[Work to complete]:
Pictures are not part of the answer. Return the lines from the one containing "11月6日,院线电影《三滴血" through the end of the data, both included, exactly as they appear.

[Collected material]:
=======

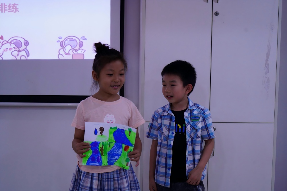 基础阶段以“兴趣激活”为核心,通过“词语接龙话生活”“声音模仿秀”等破冰活动,快速拉近与青少年的距离;为激发学生们的兴趣,实践团成员用通俗语言讲解情景剧“角色、场景、冲突”三大要素,结合“雨滴落窗”“河流叮咚”等生活化案例,帮助青少年建立艺术认知。“妙语生花,声情并茂”课程通过创新引入“四格画角色塑造”课程讲解,学生们用画笔勾勒“拯救小河的小精灵”“节水小卫士”等角色,并为画作配上台词,让抽象情感表达变得可触可感。
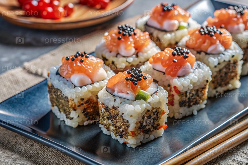 Японская еда. Суши-роллы Калифорния, Филадельфия с угорьем, красной икры и лососем. Концепция меню суши-бара
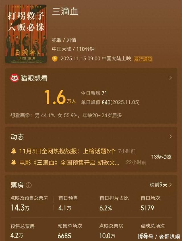 11月6日,院线电影《三滴血》开启网络预售已经满一日。然而,根据猫眼专业版的数据来看,这部电影只获得了4.2万元的预售总票房。如果这个走势继续下去的话,离该片上映时间11月15日还有10天左右,那该片的预售可能也只有几十万元。这部电影由胡歌、文淇主演,闫妮、宋佳、高叶、欧豪、李雪琴、杨新鸣、艾丽娅、张本煜、汪铎等十几位知名演员出演,可谓是明星云集。然而,这样的预售,显然预示着一次票房层面上的大扑街。
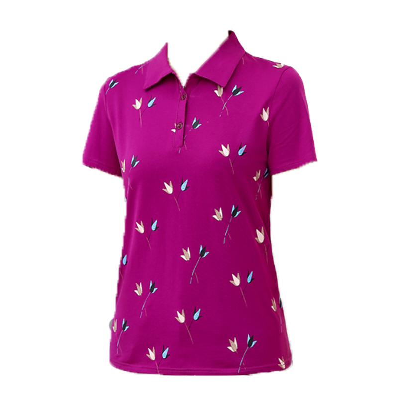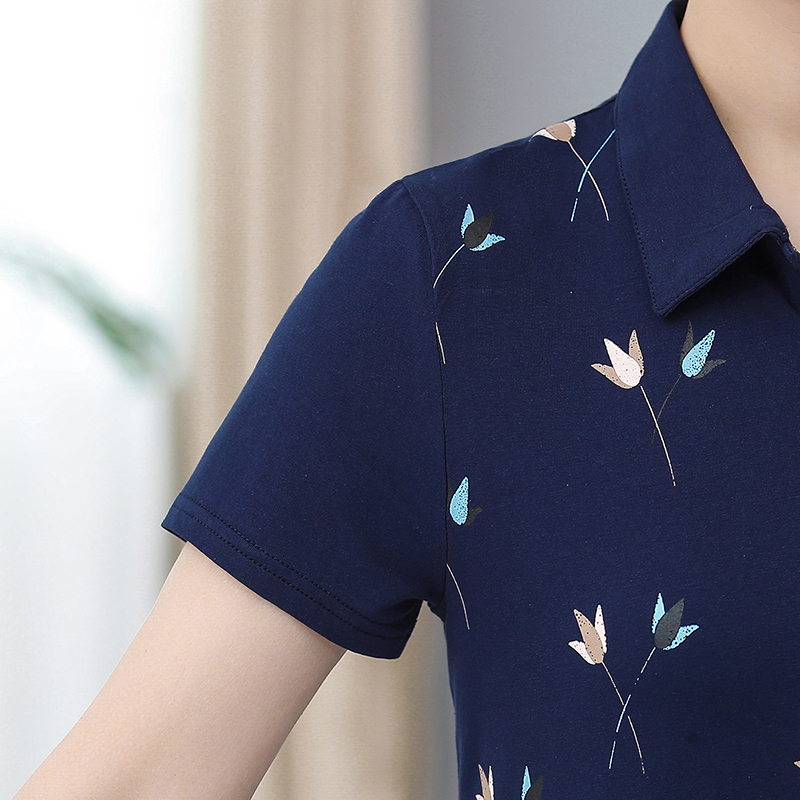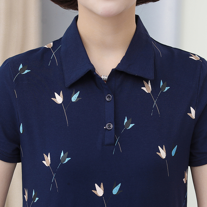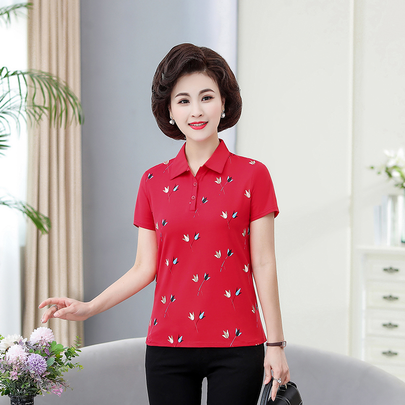 中老年女装翻领短袖t恤衫女中年妈妈装印花全棉衬衣有领上衣大码

=======

[Response]:
 11月6日,院线电影《三滴血》开启网络预售已经满一日。然而,根据猫眼专业版的数据来看,这部电影只获得了4.2万元的预售总票房。如果这个走势继续下去的话,离该片上映时间11月15日还有10天左右,那该片的预售可能也只有几十万元。这部电影由胡歌、文淇主演,闫妮、宋佳、高叶、欧豪、李雪琴、杨新鸣、艾丽娅、张本煜、汪铎等十几位知名演员出演,可谓是明星云集。然而,这样的预售,显然预示着一次票房层面上的大扑街。
 中老年女装翻领短袖t恤衫女中年妈妈装印花全棉衬衣有领上衣大码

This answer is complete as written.